I have a Linux server hosting our bug tracking software (CentOS 5.2 Kernel 2.6.18-128.4.1.el5) that I have having some strange network problems with. The machine is configured with two NICS, one for the public interface and the other for our server back end network.
The problem is that after doing a service network restart I can ping the public interface and it sends anywhere from 200-500 ICMP packets and then all of a sudden I start getting a request timed out error. Strange but as soon as I connect to the private interface the ping starts working again to the public interface. I clearly have a routing issue somewhere.
I have a Juniper Router with the following configuration.

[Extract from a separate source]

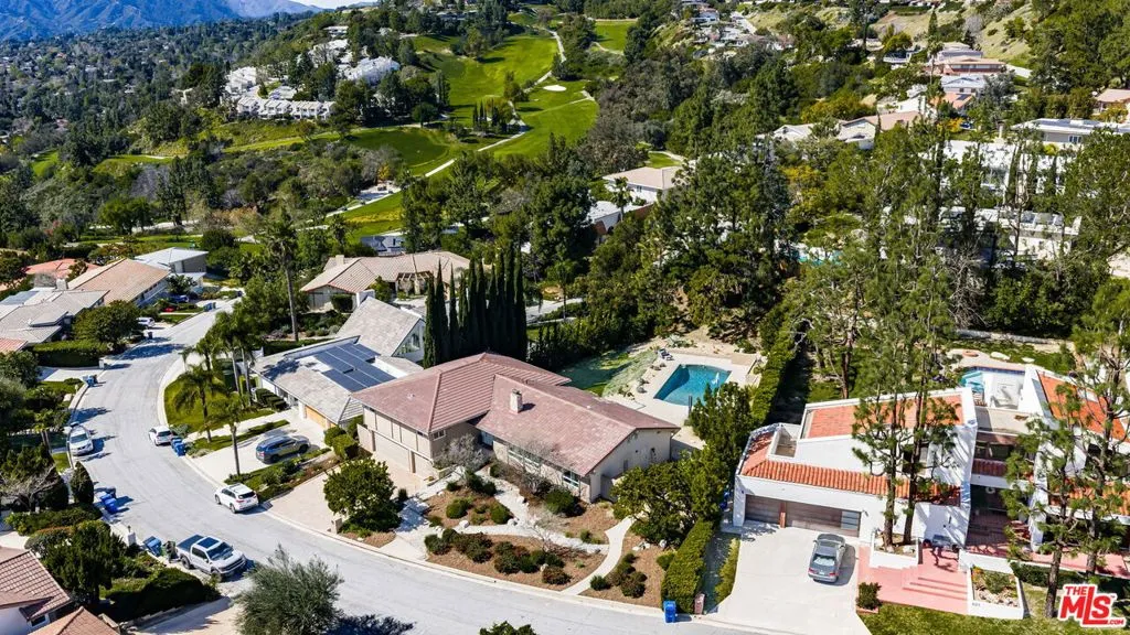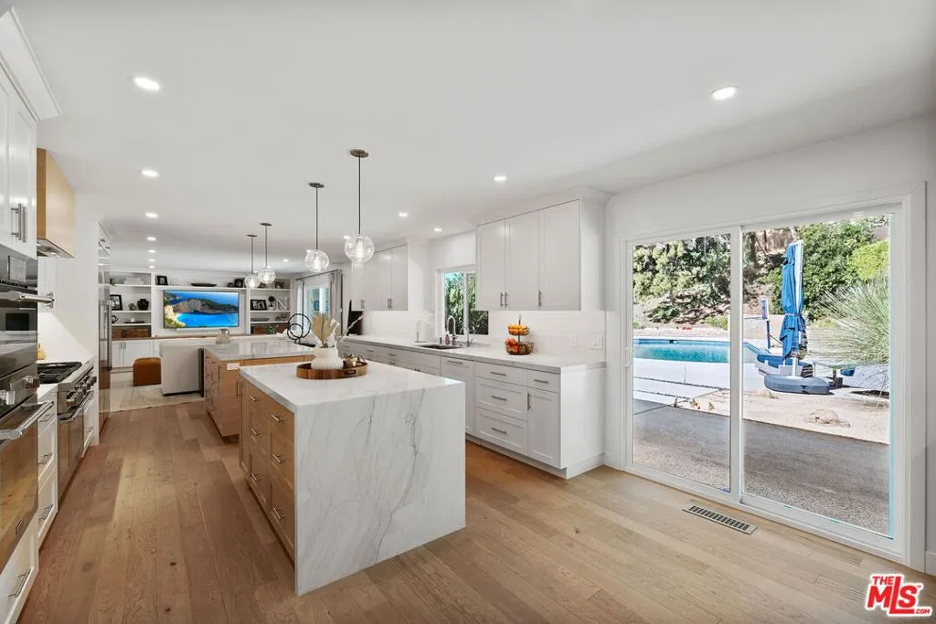 Indulge in the pinnacle of contemporary luxury in this extensively remodeled (2023) home, where architectural character meets state-of-the-art refinement. Defined by a spectacular floor plan that maximizes both scale and flow, the home is bathed in great natural light throughout. The residence begins with a breathtaking formal living room featuring vaulted beamed ceilings and a stately fireplace, offering a sophisticated space for hosting. The heart of the home is a chef's dream kitchen and adjacent family room, creating an expansive open-concept living area. This culinary masterpiece features professional Thermador appliances, dual oversized islands, and custom finishes that flow effortlessly into the family room, which is adorned with brand-new custom built-ins. Designed for modern living, the layout is as functional as it is elegant, featuring four generously sized bedrooms conveniently located all on the upper level. The primary suite serves as a private sanctuary, complete with a walk-in closet and a balcony overlooking the grounds. On the lower level, versatility takes center stage with a spacious bonus room, perfect for movie night, a dedicated office boasting a built-in desk and custom cabinetry as well as a bathroom and laundry room. High-end engineered wood flooring and designer recessed lighting run through every room, while all-new windows and sliding glass doors offer a constant connection to the outdoors. Practicality is woven into the luxury with an upgraded electrical panel, a tankless water heater, and a spacious three-car garage complemented by a large, elegant paver driveway. The exterior is a masterclass in the California lifestyle, centered around a sparkling Pebble Tec pool with brand-new equipment and a sprawling patio perfect for al fresco entertaining. Professionally curated drought-tolerant landscaping provides a lush yet sustainable complement to the expansive grassy areas. From the refined infrastructure to the high-end aesthetic details, every element of this residence has been meticulously reimagined to offer an unparalleled turn-key experience for the most discerning buyer.

Interface 0/0 -- Connect subnet to the ISP at our co-location Interface 0/2 -- For our DRAC network Interface 0/3 -- The Server-backend network (plugs directly into a switch that feeds to all the NICs that are on the 10.3.20.x network. Interface 0/4 -- Plugs directly into another switch that feeds our public interfaces, that interface as all the gateways from our public ip rangs as secondary IP addresses.
I hope that someone can ask the right questions that can lead me to check things and figure out what is going on. Has anyone had similar problems and what kind of things should I be checking? Routing issue or something even more complicated?
[root@fogbugz ~]# cat /etc/sysconfig/network-scripts/ifcfg-eth0
# Realtek Semiconductor Co., Ltd. RTL-8139/8139C/8139C+
DEVICE=eth0
BOOTPROTO=static
IPADDR=72.249.134.98
NETMASK=255.255.255.248
BROADCAST=72.249.134.103
HWADDR=00:16:3E:AA:BB:EE
ONBOOT=yes
[root@fogbugz ~]# cat /etc/sysconfig/network-scripts/ifcfg-eth1
# Realtek Semiconductor Co., Ltd. RTL-8139/8139C/8139C+
DEVICE=eth1
BOOTPROTO=static
BROADCAST=10.3.20.255
HWADDR=00:17:3E:AA:BB:EE
IPADDR=10.3.20.25
NETMASK=255.255.255.0
NETWORK=10.3.20.0
ONBOOT=yes
[root@fogbugz ~]# cat /etc/sysconfig/network
NETWORKING=yes
NETWORKING_IPV6=no
HOSTNAME=fogbugz.dfw.hisg-it.net
GATEWAY=72.249.134.97
[root@fogbugz ~]# route -n
Kernel IP routing table
Destination Gateway Genmask Flags Metric Ref Use Iface
72.249.134.96 0.0.0.0 255.255.255.248 U 0 0 0 eth0
10.3.20.0 0.0.0.0 255.255.255.0 U 0 0 0 eth1
169.254.0.0 0.0.0.0 255.255.0.0 U 0 0 0 eth1
10.0.0.0 10.3.20.1 255.0.0.0 UG 0 0 0 eth1
0.0.0.0 72.249.134.97 0.0.0.0 UG 0 0 0 eth0
Check the output of 'arp -an' in both working and non-working state and look for MAC addresses / IPs on wrong interfaces.
If you see something wrong there, you maybe have bridged some network segments together or have an proxy ARP issue?
Please show the output of
route -n
andarp -an
when the network isn't working.Showing what it looks like when everything is working is not really useful. ;)
Two things, one is you may be having issues with asymmetric routing with firewalls, this is a common case of connections that come up for a few seconds then die.
The other is the Linux RPF, to turn that off set this
sysctl
:What NIC on that server? I have experienced several times of this kind of problem on Marvell chipset NIC. Normally the driver problem and BIOS problem.
We have the same issue. Were are on RHEL 5.3, 2.6.18-128.el5 We had an issue with our route to our private network. It kept dropping. We found a work around. We put this in our crontab and this fixes the issue. * * * * * /sbin/arp -d IP to storage
http://kbase.redhat.com/faq/docs/DOC-17338 above work around work with you.
Have experienced an issue with the linux kernel with the realtek driver on certain boards where watchdog timeouts would cause network interfaces to stop working. The only way was to reset networking and/or modprobe the ko file for the module. Check /var/log/messages for any such messages.